MOVIE DETAILS • Name: Tales of Halloween • Year: 2015 • Country: USA • Directors: Darren Lynn Bousman, Axelle Carolyn, Adam Gierasch, Andrew Kasch, Neil Marshall, Lucky McKee, Mike Mendez, Dave Parker, Ryan Schifrin, John Skipp, Paul Solet • Main cast: Adrienne Barbeau, Hunter Smit, Cameron Easton • Runtime: 92 minutes • Production company: Epic Pictures Group, Film Entertainment Services • TRAILER |
It is pretty obvious that Tales of Halloween try somehow to pay homage to the classic Tales from the Crypt series that scared the audiences from TV shows and movies from the 1970s to the 1990s. That formula was kind of magic, to have a back character introducing each one of the pieces and short soft horror stories with monsters, ghosts, ghouls, curses, demons and murderers. And even also insects and plants, why not!. But those were other times, and some mild-scary stories were allowed on the TV.

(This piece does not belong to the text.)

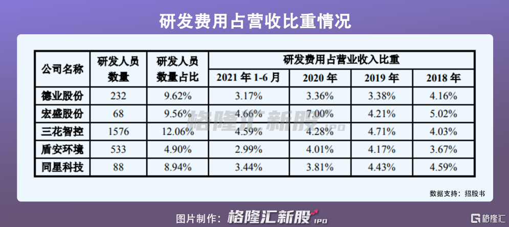 在這一基礎上,同星科技需要通過創新來加強產品競爭力,目前公司研發人員數量與其他同業可比上市公司相比相對偏少,主要是因爲公司規模相對較小,同行業可比上市公司大多向行業上下遊產業延展所致。同時,公司研發費用分別爲1687.71萬元、1831.66萬元、1913.43萬元、1353.29萬元,佔營業收入的比重分別爲4.59%、4.43%、3.81%、 3.44%,亟待進一步提升。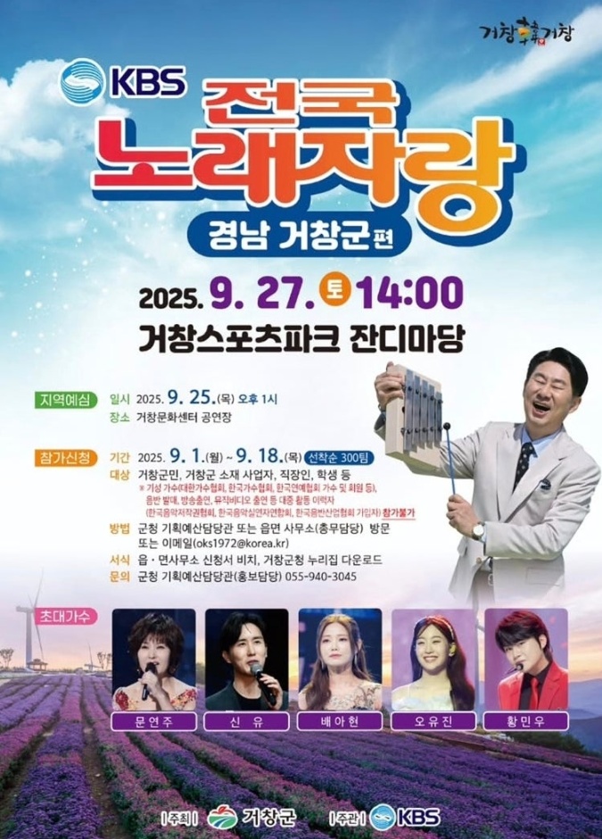 MC 남희석이 진행하는 전국노래자랑 경남 거창군편의 예심은 2025년 9월 25일 목요일 거창문회센터 공연장에서 있었습니다. 경남 거창군편 본선 녹화일은 9월 27일 촬영장소는 거창스포츠파크 잔디마당에서 녹화되었습니다.

Tales of Halloween are 10 stories made by different directors, some of them related, some others independent, that happen on Halloween night in an american middle class quiet neighbourhood. And as a good homage, the range of creatures starring the different segments go from demonical pumpkins to derange serial killers, aliens, demons… All the cool things that entertained those lucky audiences some decades ago. The stories are very short, to fit those 10 pieces in merely one hour and half of footage, so the action can’t develop into crazy plots. Some people say that’s good, some other people will say that’s lame.

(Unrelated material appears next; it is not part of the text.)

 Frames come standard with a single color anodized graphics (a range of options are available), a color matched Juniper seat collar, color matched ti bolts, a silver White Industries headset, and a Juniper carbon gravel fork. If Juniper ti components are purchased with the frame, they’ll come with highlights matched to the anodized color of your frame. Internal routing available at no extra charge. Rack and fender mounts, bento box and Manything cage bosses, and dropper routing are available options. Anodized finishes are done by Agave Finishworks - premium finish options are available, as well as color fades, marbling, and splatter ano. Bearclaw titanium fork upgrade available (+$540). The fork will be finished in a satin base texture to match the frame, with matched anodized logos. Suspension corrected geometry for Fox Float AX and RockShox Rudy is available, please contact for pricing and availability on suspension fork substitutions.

The global feeling of a parody is around the whole movie, and that is not for the taste of everybody. I am sure the filmmakers were aware that a big segment of the audience will take that as a disadvantage feeling that this is nothing but a joke, but to me it worked well. After all, these kind of stories were created to innocently scare the younger ones, but also entertain the adults with a childish soul. That must be the key, maybe the target for this movie are the adults with a strong childish side, not the preppy square heads looking for “perfection” or coherence. Even the name of the movie warns you, these are “tales”.

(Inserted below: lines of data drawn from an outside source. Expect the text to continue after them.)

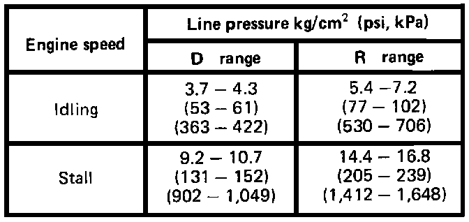 c. Shift into D range, step down strongly on the brake pedal with your left foot and while manipulating the accelerator pedal with the right foot, measure the line pressure at the engine speeds specified in table.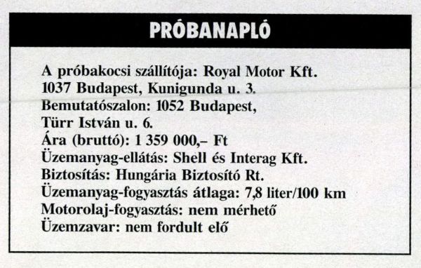 Tetszett ez az autó. Még jobban tetszene, ha katalizátoros lenne. Képtelenek vagyunk beletörődni abba, hogy az importőrök azért nem szállítanak ide katalizátoros autót, mert a vámszabályok megbüntetik a katalizátoros autó vásárlóját, miközben a kormányzat kiemelten fontosnak tartja a környezetvédelmet.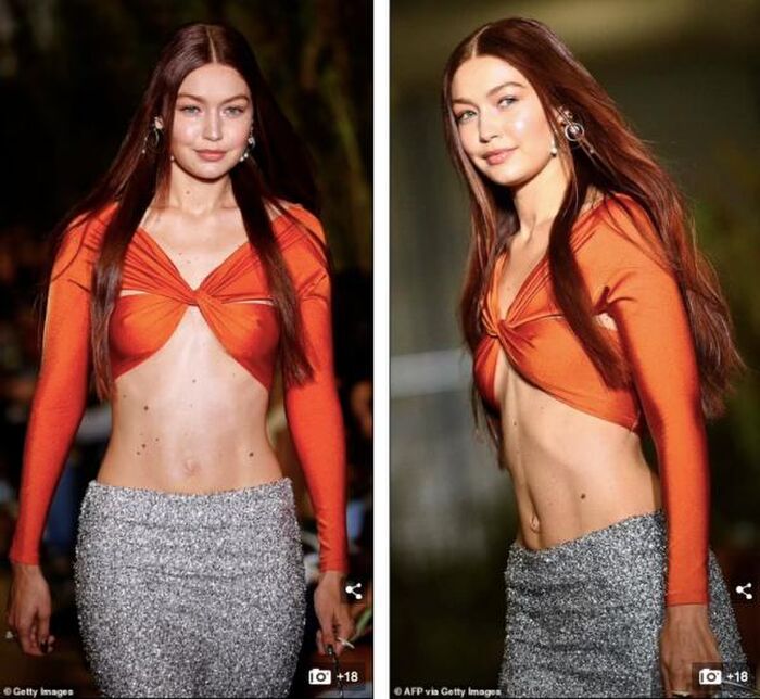 Trong buổi diễn mới nhất của nhà mốt Coperni tại tuần lễ thời trang Paris ở Pháp, "mẹ 1 con" Gigi Hadid khiến dân tình choáng khi khoe vóc dáng thon thả, đặc biệt là vòng eo phẳng lì.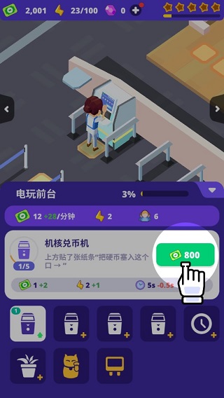 每当客人使用我们的电玩设备,我们就会获得收益,简单来说更好的环境和设备就能赚更多的钱!为此你需要不断更换新的电玩设备,并改造现有环境,通过增加电玩的可选项目来为你的街机游戏厅吸引更多的客人!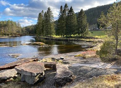 Gapahuk med bålplass, steinborg ved elva.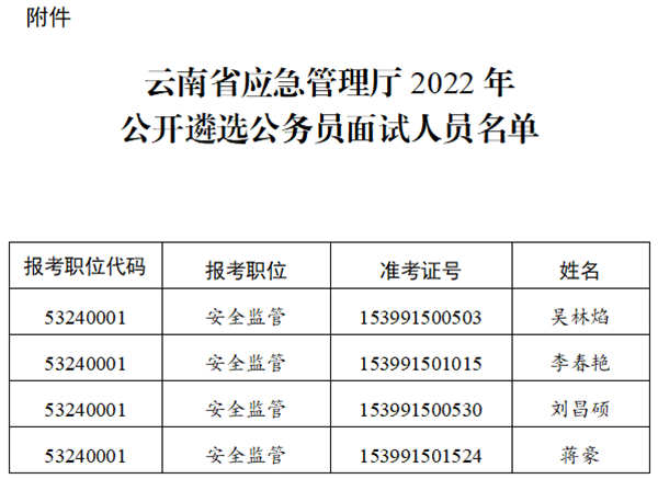 附件:云南省應(yīng)急管理廳2022年度公開(kāi)遴選公務(wù)員進(jìn)入面試人員名單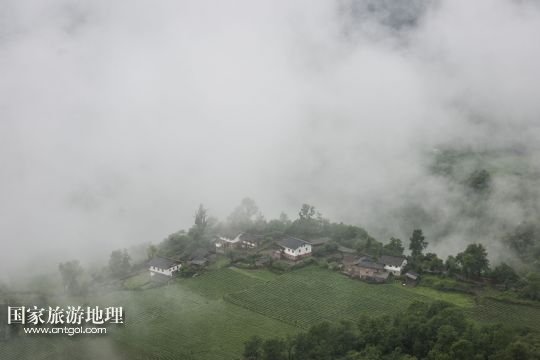 =6月10日,四川省寶興縣蹺磧藏族鄉(xiāng)嘎日村藏寨云霧繚繞。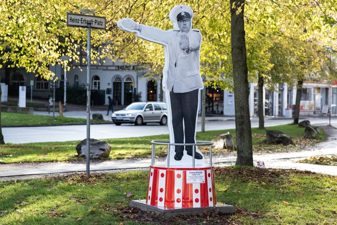 Der Diebstahl des Denkmals im September hatte viel Wirbel ausgelöst. Die Figur des beliebten Komikers war drei Wochen lang verschwunden, bevor eine Spaziergängerin die beschädigte Stele auf dem Stadtwall wiederfand. Inzwischen sei das Denkmal repariert und verstärkt worden, damit es besser vor Diebstählen geschützt sei, sagte der Stadtsprecher. Das Standbild war 2003 aufgestellt worden. Es zeigt, wie Erhardt (1909-1979) in der Rolle des Polizisten Eberhard Dobermann im Film «Natürlich die Autofahrer» den Verkehr regelt.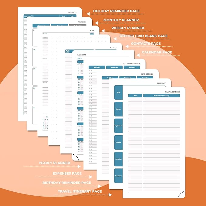 - Life Personalized System: Weekly plan, Monthly & year planner pages, holiday reminders throughout the year, birthday record area for relatives and friends; set up record inspiration and plans with the dot matrix note area; at the same time, weekly planner provides travel planning and bill expense management

Another fact from Tales of Halloween is to be a homage to classic horror film directors. Not only names like John Landis, Joe Dante or Stuart Gordon have small roles, but also a list of references to the John Carpenter universe is present, such as the Halloween title itself, Adrienne Barbeau as the narrator, the pumpkin monster that looks like The Thing (1982) creature, a kid dressing like Snake Plissken, the Carpenter Bar candy bar, and probably some others that I didn’t catch or now I don’t recall. That obviously makes Tales of Halloween a movie made by fans and for the fans, and with that premise, some investment, a decent idea and a little bit of talent, you can’t miss.
I enjoyed watching it, and totally brought me back to the Tales from the Crypt times. It’s pure Halloween night entertainment, with candy, trick or treats, funny monsters and blood. That is the deal, and I take it.